For me, there were too many tables and the data was difficult to analyse.  Table 1 in my version of the paper was illegible.  It would be helpful if 95% confidence intervals were included to help inform the reliability of the observations.  I found it hard to accept increasing seroprevalences with treatment type, as seroprevalence is primarily governed by the rate of infection particularly during childhood.  A scatterplot of activity indices by treatment type would be useful.  Overall, a comprehensive piece of work; however, I found it hard work to follow and I did not find the tables helpful.

Table 1 is corrected (error in converting the paper).

Some corrections were made to the tables to improve their legibility.

As Mann Whitney U Test and Kruskal Wallis H test were used for statistical analysis, it is not required to include 95% CI. Moreover, the tables would be illegible if additional data were included.

JCV seroprevalence is related to the rate of infection during childhood. However, seroprevalence increases with age and is associated with the virus genotype (included in the Discussion section). In the previous studies, conducted on smaller groups, the association between treatment type and JCV seroprevalence was noticed as well (discussed in the paper).

A scatterplot of AI by treatment is attached (please see the attachment).
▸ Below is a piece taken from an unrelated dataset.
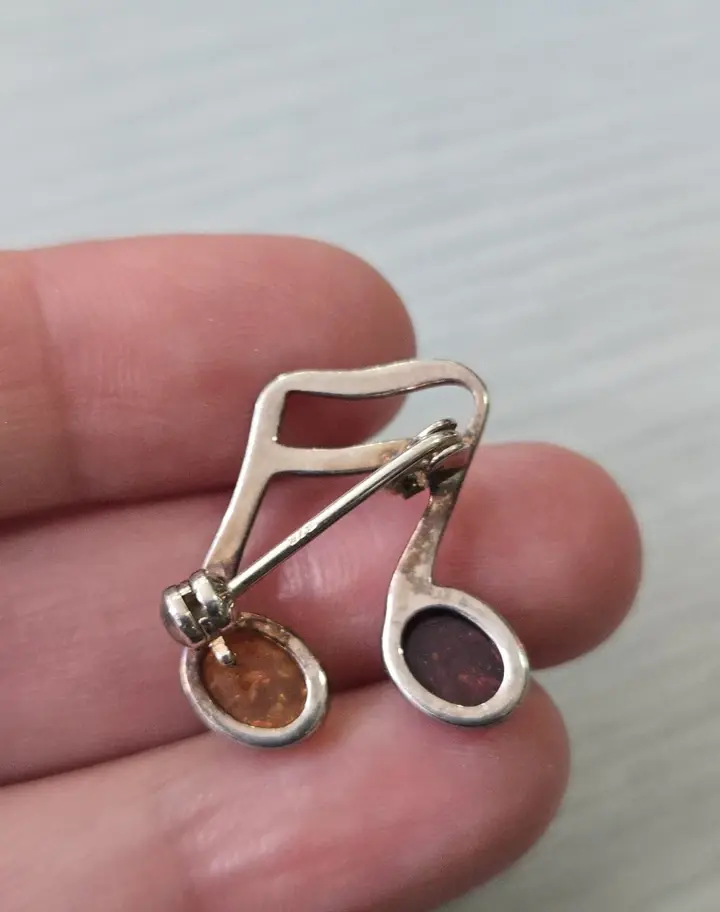 Amber & Silver Musical Note Brooch Pin - Vintage Hallmarked
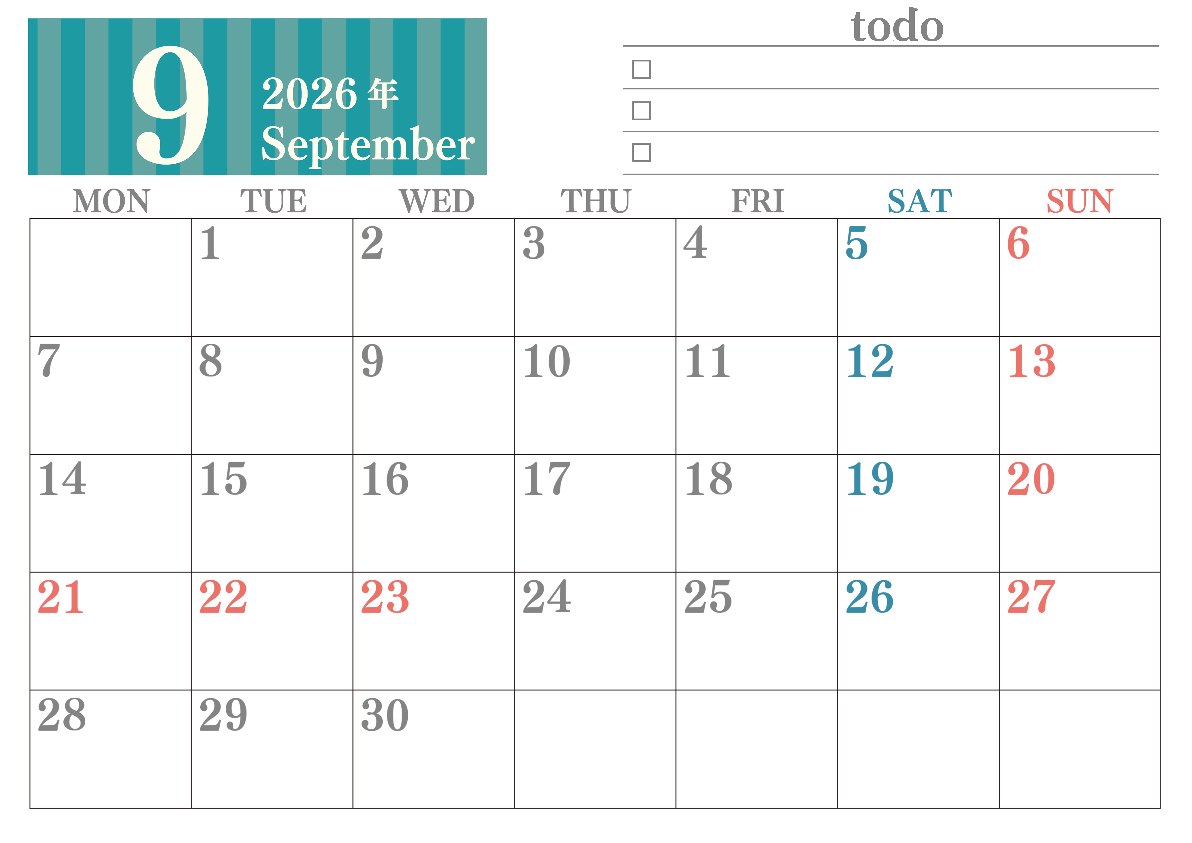 2026年9月カレンダーは横型月曜始まりで使いやすいです。勉強の計画におすすめのToDoリストつきなので受験や資格取得のモチベになります。無料でダウンロードを気軽に行えます。(2026-01420901)

However, we did not add it to the manuscript, as it do not present the results better than the table in our opinion.

In the text, I found the use of . instead of , to indicate "thousand" (eg. line 28) to be strange.

It is corrected.

Author Response File: Author Response.docx

Reviewer 2 Report

In this multi-institutional study of 1405 MS patients from Poland, the authors report the findings of JCV Ab index testing.  Perhaps the most novel finding from the study is the difference in JCV Ab index results in individuals on immunomodulating versus immunosuppressive agents.  However, it is difficult to interpret precisely what this means as the authors failed to indicate when the antibody testing was performed relative to the start of the drug.  Typically, at least in the U.S., this test is performed prior to the institution of a DMT as it helps guide the selection of the therapy.  If this were the case in this study, then the results are irrelevant. 

The JCV Ab test was repeated in only 58 patients (on fingolimod and natalizumab) and making it difficult to state what the effects of the DMTs were on JCV antibody index levels. 
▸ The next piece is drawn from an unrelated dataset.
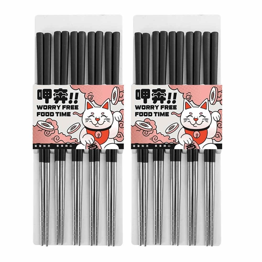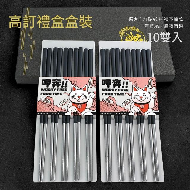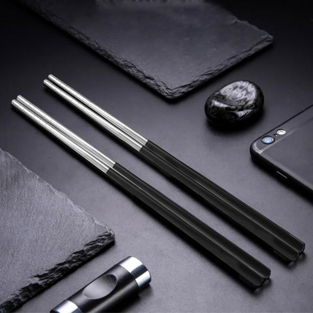 丸石五金 不繡鋼筷 衛生筷 防滑筷 環保筷子 衛生筷 高檔筷子 環保筷 公筷禮盒 黑銀10雙690-CPSBS230-10
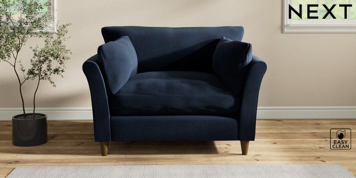 7.2.10 Buy Hartley Relaxed Sit Love Seat Fine Chenille Easy Clean Dark Navy Blue Low Conical - Mid from the Next UK online shop Click here to use our accessible website

In the same vein, categorizing disease modifying therapies (DMTs) into immunomodulatory versus immunosuppressive agents is thorny and controversial.  The authors should address why they characterize the drugs as they did. 

The manuscript is excessively long and needs to be considerably shortened. 

The comment (line 56) that infection is "self-limiting" should be changed to "inapparent" and in that same sentence, the comment that the "viral load becomes undetectable" would need a reference.  What is the study that supports that?

In the paragraph starting at line 77, the authors imply that JCV Ab index may be applicable to PML developing with other DMTs apart from natalizumab; however, the frequency with which it is seen with other DMTs is so low to preclude a meaningful analysis of whether it can be used as a risk mitigation strategy for these agents.  Given the low frequency with these DMTs, it would almost certainly not be worthwhile.  Some comment regarding this aspect of JCV Ab index measurement with DMTs other than natalizumab and perhaps DMF where there is consensus that both JCV Ab seropositivity and low lymphocyte counts warrant its discontinuation would be valuable. 

As the authors note and has been amply demonstrated in previous studies, seropositivity rates correlate with advancing age and this is responsible for the apparent association with progressive MS and EDSS values. 

While there may be differences between the seropositivity rates among various European populations, without controlling for age in the different populations studied, it is not a particularly valuable observation. 

 

 

 

 

 

 

 

 

 

 

Author Response

Please see the attachment.

Author Response File: Author Response.docx

Round 2

Reviewer 2 Report

The authors have addressed this reviewer's concerns.